Лицо кротко и спокойно. Глаза тихо мерцают.

Он движется.

Это — минута огромного, страшного волнения. Чувство и страха и благоговения охватывает вас.

Страшно в театре.

Но исполнитель заговорил.

Заговорил певуче с декламацией, как на французской сцене произносятся красивые и благородные монологи.

И всё исчезло.

Пение хора, восклицающего «Осанна!», — покрыто аплодисментами наёмной клаки, что хотите! «Почтенные люди», затратившие деньги на постановку, — только антрепренёры и должны позаботиться, чтоб завтра в газетах было напечатано:

— Успех огромный. Аплодировали много.

А в антрактах обычная болтовня в ложах.

Я сидел около ложи бенуара.

— Где вы проводите весну? — спрашивала одна дама у другой.

— Мы едем на Пасху в Рим. Это очень интересно. А вы?

— Мы в Севилью. Это тоже очень интересно. Процессии и бой быков.

Конечно, аристократическая публика Сен-Жерменского предместья просмотрела пьесу прилично.

Но и только.

Картина ада, — эта картина, вероятно, потрясавшая в средних веках, — конечно, теперь не напугала никого.

Разумеется, ни один из этих элегантных кавалеров и ни одна из этих прекрасных дам не спали тревожно эту ночь.

Конечно, Сен-Жерменского предместья не давил в эту ночь кошмаром сатана в чёрном блестящем трико, среди огненных змий и огнедышащих драконов кричащий во всё горло так, как на французской сцене кричат все злодеи свои злодейские монологи.

Конечно, он не носился кошмаром в эту ночь над Сен-Жерменским предместьем, как носился когда-то над средневековыми городами.

— Костюмы дьяволов недурны! — сказала дама даме.

— Да. И декорации эффектны.

Вот и всё впечатление от ада.

Спектакль имел успех. Он очень, действительно, красив. Каждую минуту казалось, что перед вами ожившие и движущиеся картины великолепных мастеров.

Антрепренёр в выигрыше, но аббат Жуэн потерпел поражение.

Мистерия не воскресима.

Это было хорошо в те времена, когда весь город готовился постом к мистерии. А исполнители почти с ужасом приступали к своим ролям.

Теперь на мистерии приезжают после позднего очень хорошего обеда — и все отлично знают, что перед ними актёры занимаются своим ремеслом.

— Мистерии не воскресить, как не воскресить средних веков! — должен был сказать себе с отчаянием в этот вечер аббат Жуэн, фанатичный проповедник церкви св. Августина.

Со странным чувством я выходил из театра.

Мне казалось, что я присутствовал при последних конвульсиях умирающего. И что этот умирающий — католичество.

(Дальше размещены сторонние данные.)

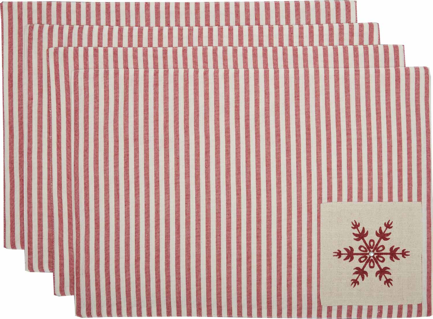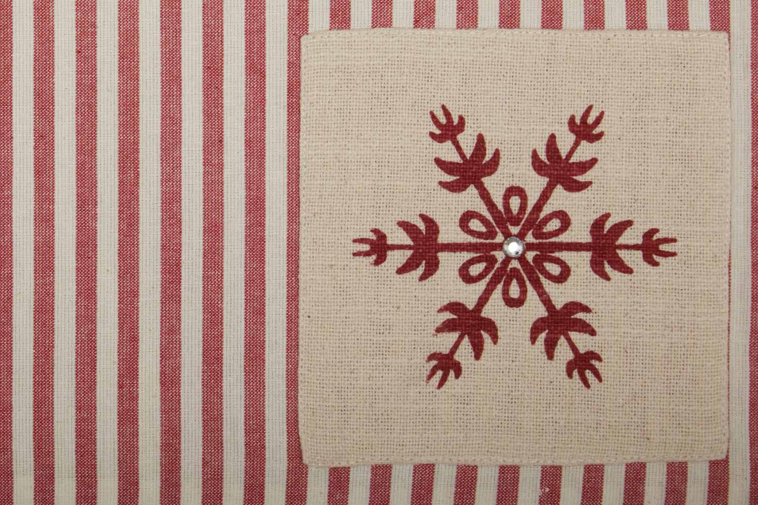 The Market Place Natural Snowflake Collection is one of the most exciting and unique lines we’ve ever created!! It combines the best of farmhouse fabrics in one exciting collection. Featuring lovely bold red and white ticking stripes, the placemat brings a classic vintage pattern to the tabletop. A cream square patch in grain-sack style, textured cotton is beautifully accented with a finely detailed, red stenciled snowflake. The snowflake has a crystal center, bringing holiday sparkle and sophisticated style to the placemat. Reverses to white cotton sheeting fabric which adds a layer of stability and durability. Sold as a Set/4

Католичество, которое крепко держит в своих руках Испанию, наполовину Италию, — католичество, которое, благодаря своим миссионерам, страшно растёт в новых, некультурных странах, — католичество, мне кажется, всё проиграло в цивилизованном мире, если оно делает такие отчаянные попытки, идёт на риск даже профанировать святыню, которую проповедует.

Это — попытка умирающего встать.

Одна из последних попыток, — сколько бы представителей Сен-Жерменского предместья ни явилось на мистерию, желая «подать хороший пример массе».

В конце концов это был спектакль, как всякий другой. Сыгранный людьми, которым всё равно, что ни играть, перед людьми, которым всё равно, что ни смотреть.

Единственное отличие этого спектакля от всякого другого состояло в том, что кавалеры были не в белых, а в чёрных галстуках.

— Мистерия! Надо надеть чёрный галстук!

Это — единственная мысль, которую пробудила мистерия.

Времена меняются

С величайшим интересом я шёл смотреть Boule de Suif[29], — новую пьесу, которую только что поставили в театре Антуана.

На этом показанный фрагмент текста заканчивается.